The Parliamentary loss appears to have been slight, but of the Royalists over 200 were slain. Amongst the first to fall were the gallant Mayor, Adam Morte, and his son; the former was more than once heard to declare that before he would surrender the town he would set fire to it and begin with his own house.
Sir Gilbert Hoghton escaped and made his way to Wigan, but Lady Hoghton, Lady Girlington and Mr. Townley were all taken prisoners, and amongst the spoils taken were “three pieces of ordnance, a murdering piece, a great quantity of musquiets, and many horses, with two or three colours.”
Most of the conquering forces remained in Preston and began to strengthen its fortifications, and erected a strong sconce upon the marsh outside Preston, so as to command the fords over the Ribble. To keep alive the enthusiasm of the soldiers, as well as to disarm a dangerous foe, an attack on Hoghton Tower was decided on, and with this object three companies were despatched from Preston on February 14. This fine specimen of a baronial residence was well situated and fortified; it was from its tower that Sir Gilbert Hoghton was wont to light his beacon to call musters of the friends of the King; on its walls were mounted “three great pieces of ordnance.”
Sir Gilbert, as we have already seen, having escaped from Preston and gone to Wigan, and his wife being a prisoner, it is not to be wondered at that the little garrison at the Tower should be disheartened, and after a short parley give up the place.
The soldiers at once took possession, and whilst they were searching for arms and powder the place was blown up, and Captain Starkey and some threescore of his men were killed. This explosion was at the time put down as being caused by an act of treachery on the part of Sir Gilbert’s soldiers, but subsequently it appears to have been admitted that it was due to the carelessness of the victorious forces. The author of “Lancashire’s Valley of Achor” distinctly states that it was “fired by their neglected matches, or by that great souldier’s idoll, tobacco;” and he further adds that they were “burdened with the weight of their swearing, drunkennesse, plundering and wilfull waste at Preston.”

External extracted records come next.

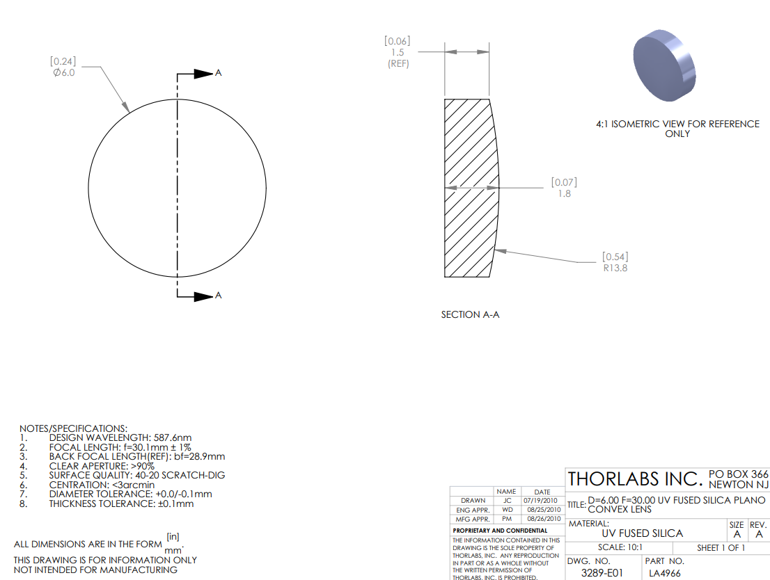 其中,n是折射率,R是透镜表面的曲率半径。这些透镜由阿贝数为67.82的紫外级熔融石英制成;阿贝数是色散指标。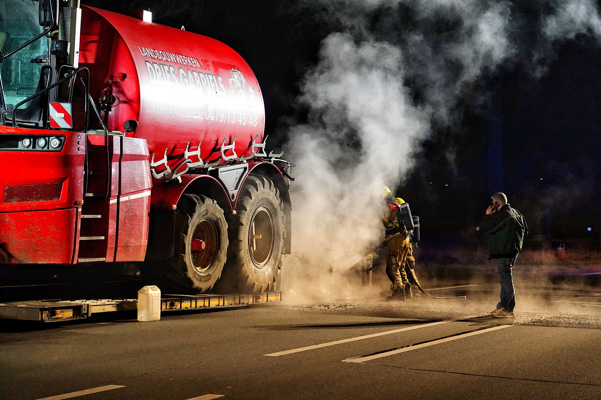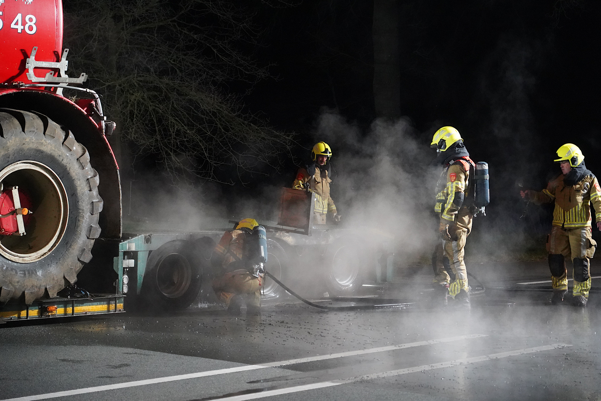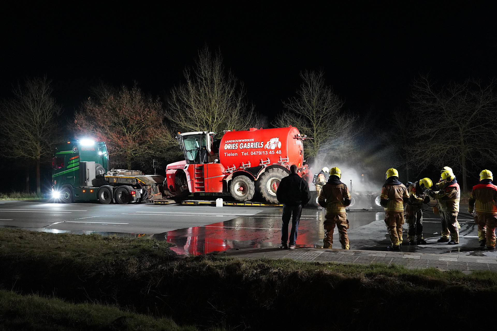 Oplegger in brand: landbouwvoertuig op dieplader blijft gespaard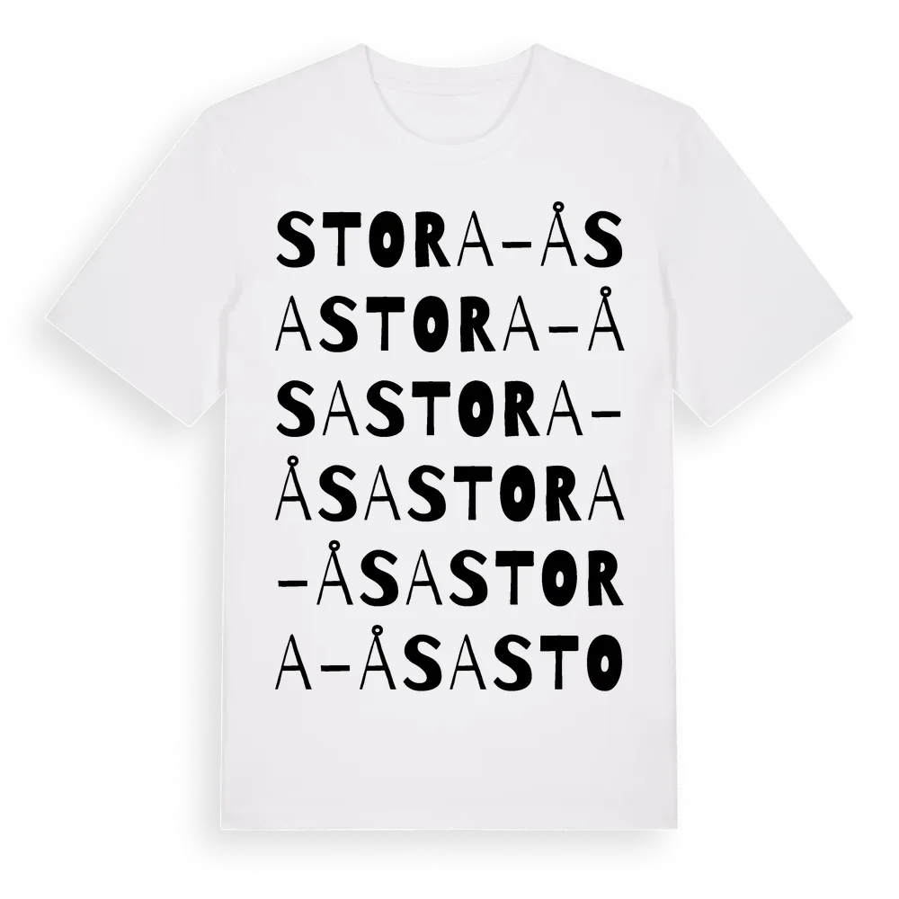 Stora-Åsa ordlek t-shirt är inspirerad av Stora-Åsa i Södermanlands län, Sverige. Tröjan är designad för dig som har en speciell koppling till platsen – oavsett om du bor här, har rötterna här eller bara älskar Stora-Åsa.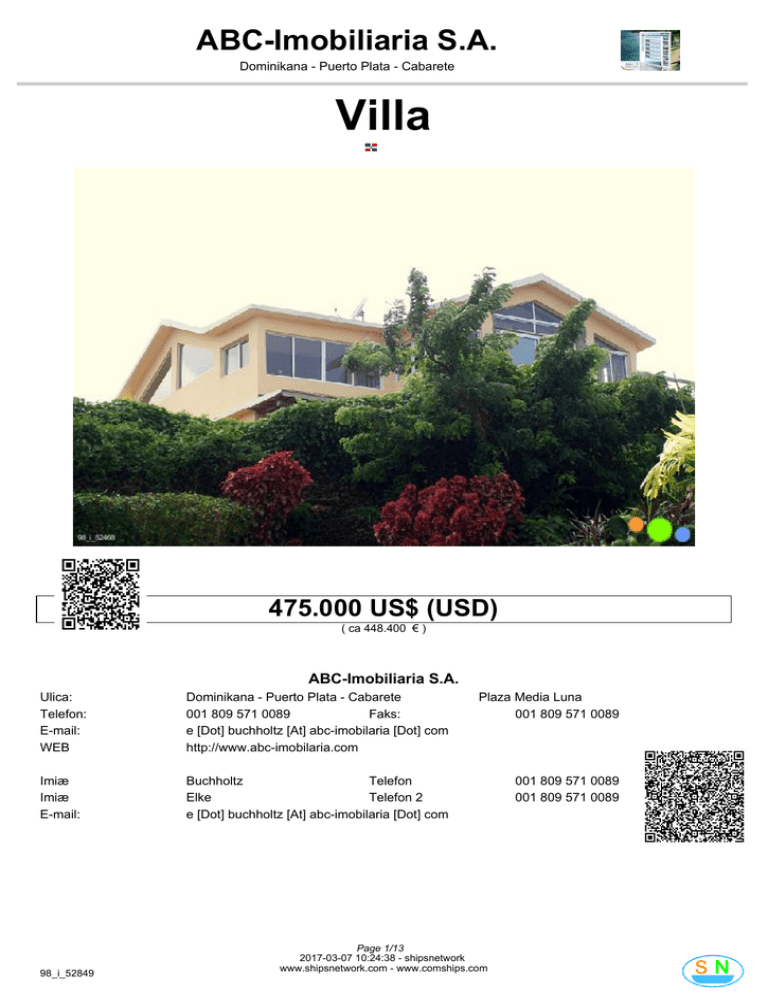 ABC-Imobiliaria S.A. Dominikana - Puerto Plata - Cabarete Villa 475.000 US$ (USD) ( ca 448.400 € ) ABC-Imobiliaria S.A. Ulica: Telefon: E-mail: WEB Dominikana - Puerto Plata - Cabarete 001 809 571 0089 Faks: e [Dot] buchholtz [At] abc-imobilaria [Dot] com http://www.abc-imobilaria.com Plaza Media Luna 001 809 571 0089 Imiæ Imiæ E-mail: Buchholtz Telefon Elke Telefon 2 e [Dot] buchholtz [At] abc-imobilaria [Dot] com 001 809 571 0089 001 809 571 0089 98_i_52849 Page 1/13 2017-03-07 10:24:38 - shipsnetwork www.shipsnetwork.com - www.comships.com ABC-Imobiliaria S.A. Dominikana - Puerto Plata - Cabarete Numer kodu Typ budynku Poùoýenie Materiaùy Property Address 98_i_52849 Villa Seafront Beton Cabrera Nr. VCABROASRE Numer kodu Nr referencyjny Status objektet Rok po uzgodnieniu potrzebne Powierzchnia dziaùki Firma Ýycie Kuchnia Sypialnie Zùy Opinie Toaleta 1500 m2 Powierzchnia 300 m2 2 1 4 4 Biznes Inne Usùugi Garaý Carport zadaszony taras 1 3 Dojazd: 40 Protokoùy 5 Protokoùy 3 Protokoùy 40 Protokoùy 5 Protokoùy 3 Protokoùy Samochód Samochód Samochód Samochód Samochód Samochód Lotnisko Plaýa Centrum Lotnisko Plaýa Centrum Akcesoria Dzierýawa Taras Balkon Jetty Pokój Party Klimatyzacja Resort Ogród Pralnia Goràcy zadaszony taras ogrodzony / murem 98_i_52849 Page 2/13 2017-03-07 10:24:38 - shipsnetwork www.shipsnetwork.com - www.comships.com ABC-Imobiliaria S.A. Dominikana - Puerto Plata - Cabarete 98_i_52849 Page 3/13 2017-03-07 10:24:38 - shipsnetwork www.shipsnetwork.com - www.comships.com ABC-Imobiliaria S.A. Dominikana - Puerto Plata - Cabarete 98_i_52849 Page 4/13 2017-03-07 10:24:38 - shipsnetwork www.shipsnetwork.com - www.comships.com ABC-Imobiliaria S.A. Dominikana - Puerto Plata - Cabarete 98_i_52849 Page 5/13 2017-03-07 10:24:38 - shipsnetwork www.shipsnetwork.com - www.comships.com ABC-Imobiliaria S.A. Dominikana - Puerto Plata - Cabarete 98_i_52849 Page 6/13 2017-03-07 10:24:38 - shipsnetwork www.shipsnetwork.com - www.comships.com ABC-Imobiliaria S.A. Dominikana - Puerto Plata - Cabarete 98_i_52849 Page 7/13 2017-03-07 10:24:38 - shipsnetwork www.shipsnetwork.com - www.comships.com ABC-Imobiliaria S.A. Dominikana - Puerto Plata - Cabarete 98_i_52849 Page 8/13 2017-03-07 10:24:38 - shipsnetwork www.shipsnetwork.com - www.comships.com ABC-Imobiliaria S.A. Dominikana - Puerto Plata - Cabarete 98_i_52849 Page 9/13 2017-03-07 10:24:38 - shipsnetwork www.shipsnetwork.com - www.comships.com ABC-Imobiliaria S.A. Dominikana - Puerto Plata - Cabarete 98_i_52849 Page 10/13 2017-03-07 10:24:38 - shipsnetwork www.shipsnetwork.com - www.comships.com ABC-Imobiliaria S.A. Dominikana - Puerto Plata - Cabarete 98_i_52849 Page 11/13 2017-03-07 10:24:38 - shipsnetwork www.shipsnetwork.com - www.comships.com ABC-Imobiliaria S.A. Dominikana - Puerto Plata - Cabarete 98_i_52849 Page 12/13 2017-03-07 10:24:38 - shipsnetwork www.shipsnetwork.com - www.comships.com ABC-Imobiliaria S.A. Dominikana - Puerto Plata - Cabarete 98_i_52849 Page 13/13 2017-03-07 10:24:38 - shipsnetwork www.shipsnetwork.com - www.comships.com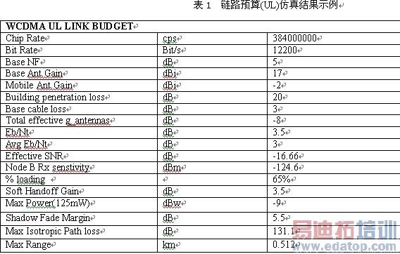 在乡村、公路沿线等低话务密度地区,覆盖是主要问题,由于移动台的发射功率有限,网络覆盖范围受限于上行链路(基站需有功率足够大的功放),而上行链路的小区边界又受上行负载因子的影响;在市区等高话务密度地区,系统容量取决于下行链路的可分配功率,通过分配不同的导频功率,可以控制下行链路的覆盖范围。需要特别指出的是,在WCDMA中,多径传播已不再成为消极因素,而是理想的结果。因为接收机能将时延至少为1Chip(WCDMA网络数据传输率为3.84Mbit/s,即1Chip=0.26微秒,相当于78米)的信号组合成有效信号。表1为上行链路预算所得的部分结果示例。

Within a few days of the taking of Hoghton Tower, troops were sent to reconnoitre Lancaster, where, finding the inhabitants either unprepared to resist or more or less in sympathy with them, they at once attacked the castle and took it, and thereupon released all the prisoners they found there, whether they were in gaol for felony or debt. At the castle were Roger Kirby, M.P. for the county, and Sir John Girlington, who appears to have escaped on finding that the castle could hold out no longer.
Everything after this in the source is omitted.